Medicare is the program that pays for medical treatment for Americans 65 and older. The current battle in Washington over the deficit has put Medicare, which represents approximately 15 percent of federal spending, under scrutiny.

The investigation of WakeMed stems from a 2007 audit done for federal regulators assigned to root out Medicare fraud. WakeMed had the highest rate in North Carolina and the seventh-highest rate in the country of “zero-day stay” billings, or bills to Medicare for inpatient hospital stays that lasted less than a day, according to the audit.

Federal prosecutors got involved after the auditors had difficulty reconciling the data with hospital admission policies and details provided by WakeMed managers in subsequent interviews. All the billing cases flagged by investigators were from WakeMed’s heart center, which has long served as the hospital’s big money maker.

Federal investigators subpoenaed hospital records and conducted further interviews as they worked to build a criminal case.

The investigators contend that WakeMed’s director of Patient Access oversaw and was responsible for a Patient Access staff that routinely ignored doctors’ orders about how to classify patients at the cardiac center. Sometimes doctors sent orders without classifying a patient, and nurses took it upon themselves to decide whether Medicare should be billed for the pricier inpatient services.

“The patient access staff was instructed to, and did in fact, ignore physician designations of status as ‘outpatient’ on written orders,” prosecutors contend in the deferred action settlement agreement. “Likewise, the nurses of the patient access staff were not instructed to, nor did they consult with the referring physician prior to admitting patients as ‘inpatients’ on WakeMed’s electronic database in contravention of a written order.”

Heidi McAfee, who retired earlier this year, was director of Patient Access during much of the period when the problematic billing occurred.

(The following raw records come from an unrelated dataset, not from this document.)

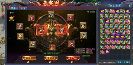 藏宝阁有概率产出各部位的天界装备,以及大量的天界神石,除此之外还有经验神丹、绑定元宝等海量道具。
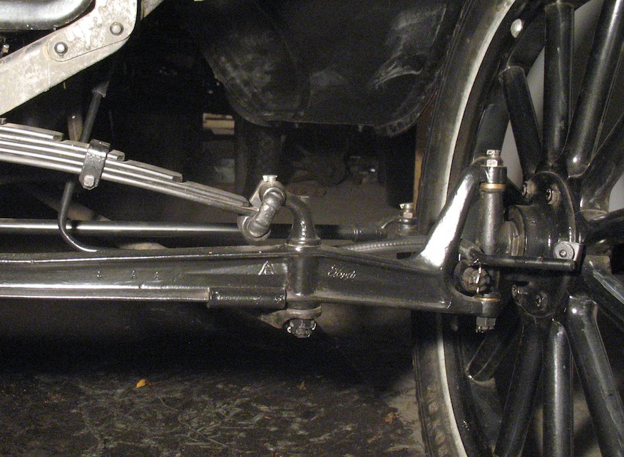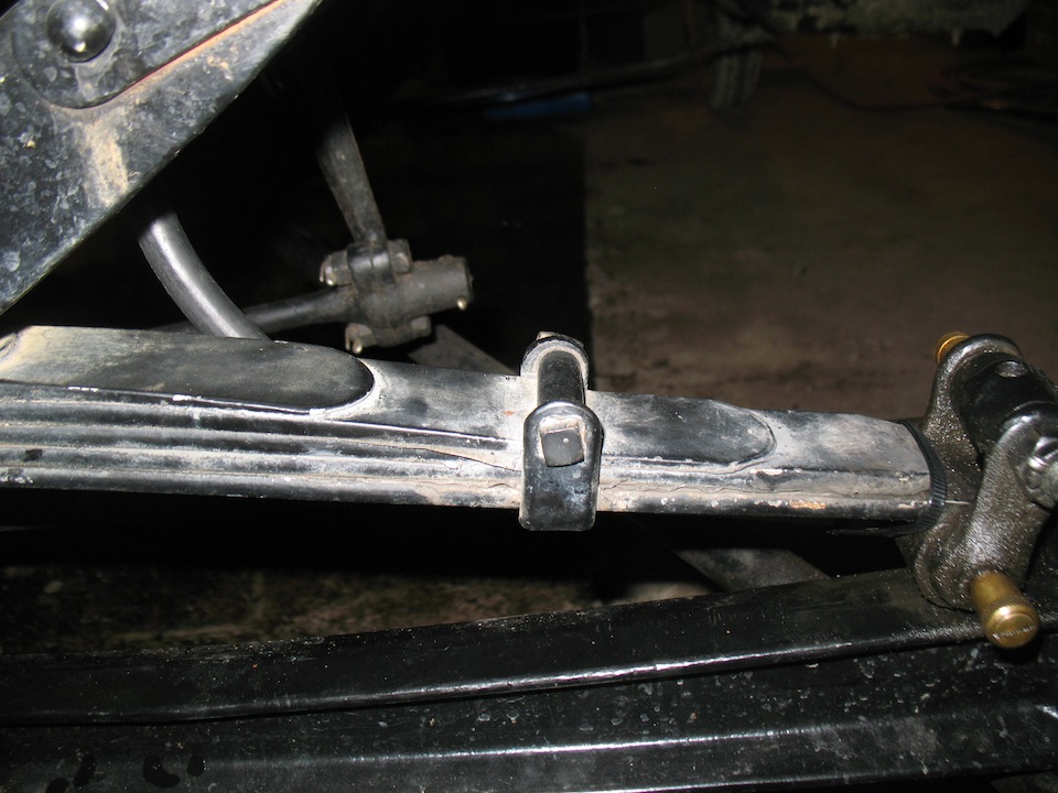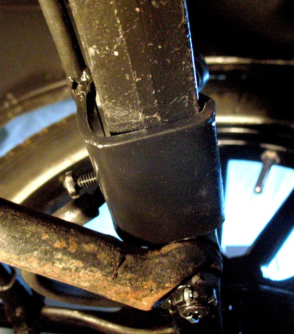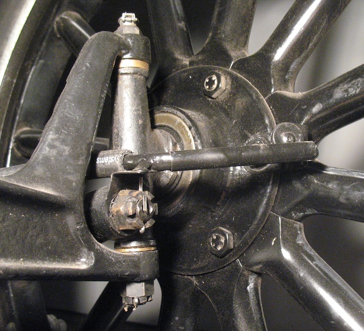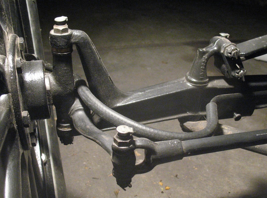 When it came time to install all this gear I found that the steel tubing stuck up too high to allow installation without removing the drag link and connecting rod. It was much simpler to just cut off the top part of the tubing about three inches below the bend and replace that upper end with another piece of hose. Next to the long
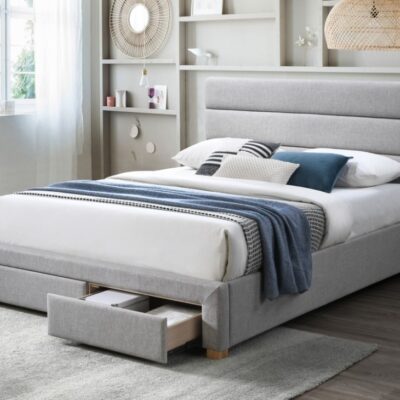 . NEON DOUBLE BED FRAME IN LIGHT GREY FABRIC WITH TWO DRAWERS AND USB – ENQUIRIES CALL PETER 0435344775
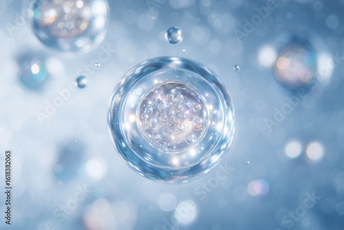 透明な美容成分の粒子が輝く未来的なイメージ – 潤い・浸透・サイエンス / Futuristic Image of Glowing Transparent Beauty Particles – Moisture, Absorption, Science
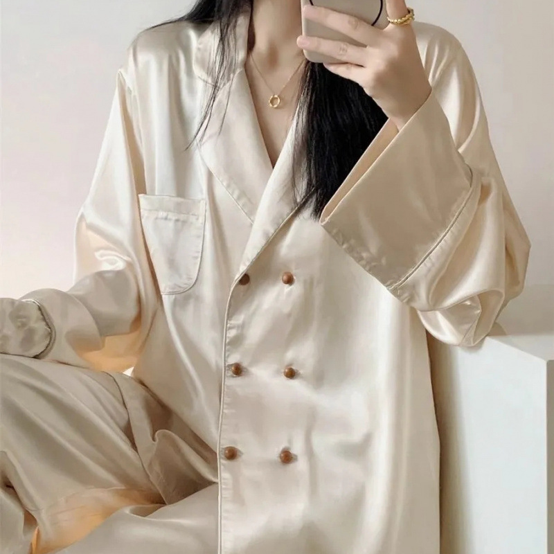 프랑스 스타일의 하이 엔드 아이스 실크 파자마 여성의 봄과 여름 새로운 Ins 스타일 긴 소매 바지 간단한 캐주얼 홈 의류 세트스토어 가기
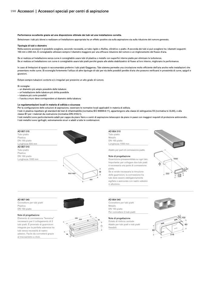 Nella sezione accessori è possibile scegliere, secondo necessità, un tubo rigido o Aluflex, cilindrico o piatto. A seconda dei tubi si può scegliere tra i diametri seguenti:
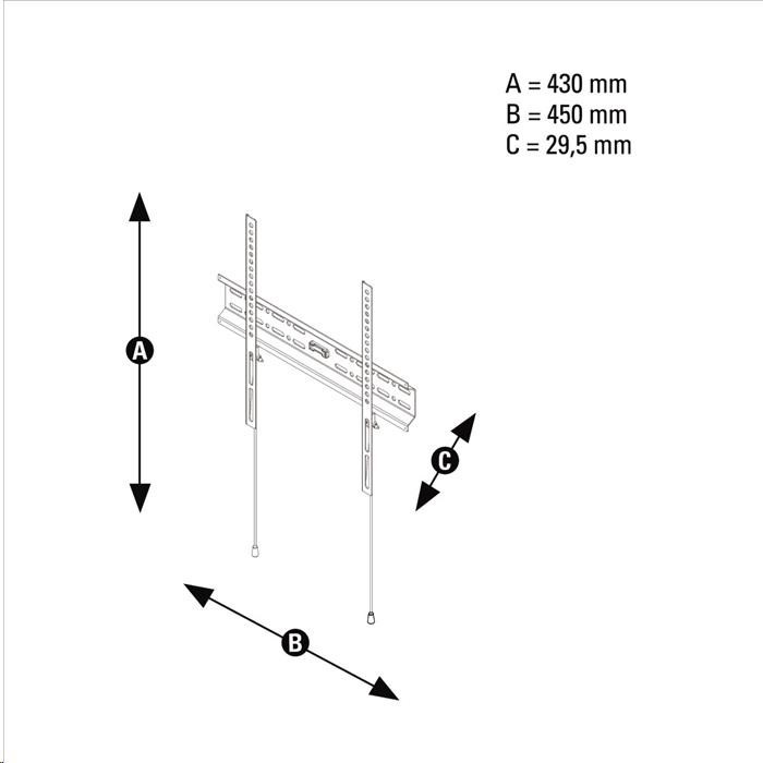 - fixní držák pro LCD obrazovky s úhlopříčkou cca 23" až 56" (58 až 142 cm) - VESA max. 400x400, nastavitelná ramena pro jakoukoliv menší rozteč závitů - snadné zavěšení TV pomocí dvou ramen - max. velikost upevňovacích závitů na TV: M8 - rozměry nástěnného modulu: 45 x 10 cm - hloubka: 3 cm - nosnost: max. 50 kg - kategorie: 1* (základní řada) - barva: černá - včetně vodováhy a montážního příslušenství.
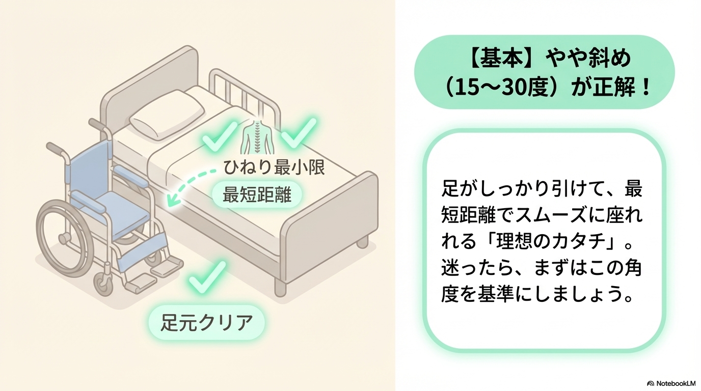 - 車椅子移乗の角度は15〜30度の「やや斜め」が基本
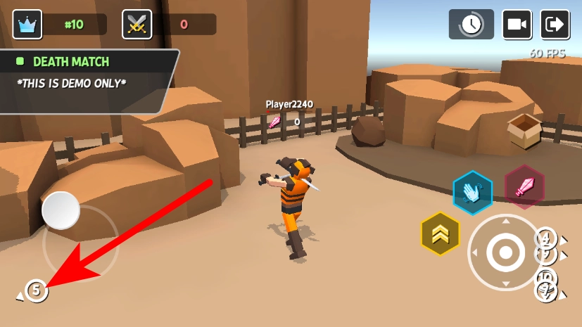 2、在战斗界面,用左侧按键移动角色,右侧按键瞄准攻击目标。
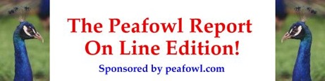 The latest news in the world about peacock/peafowl from The Peafowl Report, The On Line Edition, sponsored by, The Peacock Information Center, peafowl.com
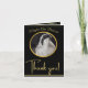 Tarjeta de agradecimiento para funeral con espacio personalizado para foto y biografía. Tarjeta de agradecimiento por simpatía personalizada negra para memorial o funeral con un marco dorado para una foto de su ser querido.
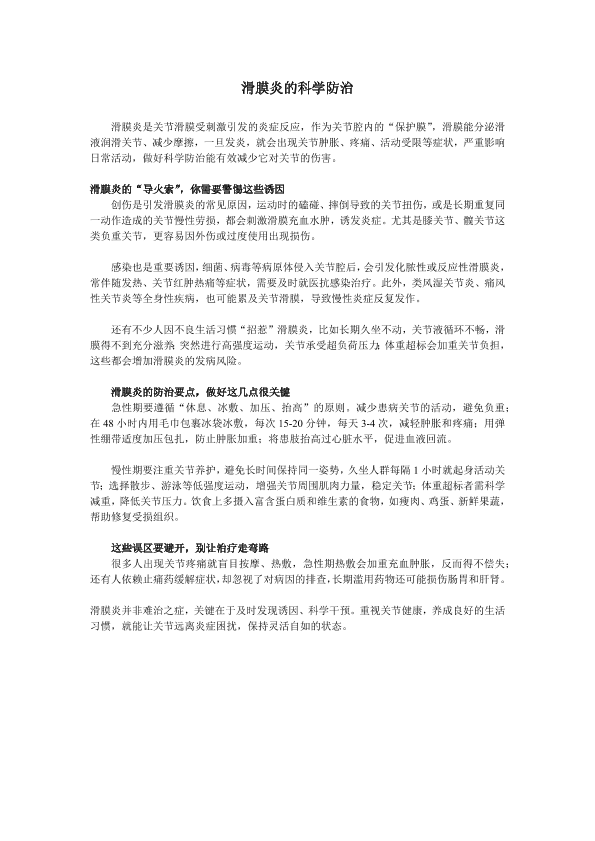 滑膜炎的科学防治
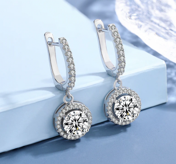 Let your glow speak volumes with these 925 Sterling Mossanite Hughes 1.0 Carat earrings. Set in polished 925 Sterling Silver jewelry, each piece dazzles with a brilliant round-cut center framed by shimmering accents. The graceful drop design brings movement and sparkle, catching the light with every turn. Whether paired with casual or formal wear, these earrings make an instant impact. Designed for those who appreciate striking detail and clean, radiant style, they offer a bright finish to your jewelry collection—classic, confident, and ready for any occasion.

Efforts to reach McAfee on Wednesday were unsuccessful, but Atkinson praised her years of work with WakeMed.

“Do I think anybody intentionally did anything wrong?” Atkinson said. “No, I don’t.”

He said WakeMed had not reported McAfee or any of the nurses to the N.C. Board of Nursing for ignoring doctor’s orders. He stressed that none of the decisions were about patient care.

“This is not a clinical care question,” Atkinson said. “This is a billing question.”

The hospital faces two criminal charges – making material false statements relating to health care matters and aiding and abetting, but under the settlement reached Wednesday, prosecution will be deferred. If the hospital complies with provisions in the settlement agreement, such as paying $8 million and allowing further monitoring, the charges will be dismissed in two years, according to court documents.

As part of the agreement, which has yet to be approved in court, Atkinson acknowledged the wrongdoing described by prosecutors. He further acknowledged that WakeMed was responsible for the acts of the health-care organization’s employees and officers.

WakeMed saw 110,000 Medicare patients in 2010. The 52-year old hospital has never been sanctioned by Medicare before.

WakeMed has paid more than $1.2 million to the Medicare program for some of the questionable claims. The hospital is to pay an additional $6.7 million by next week.

Both Atkinson and federal prosecutors said WakeMed took steps quickly to fix the billing problem.

Under the settlement agreement, WakeMed officials are prohibited from discussing how many cases were singled out by prosecutors, but Atkinson said it was a small percentage of the hospital’s overall business.

Staff Writer Mandy Locke contributed to this report.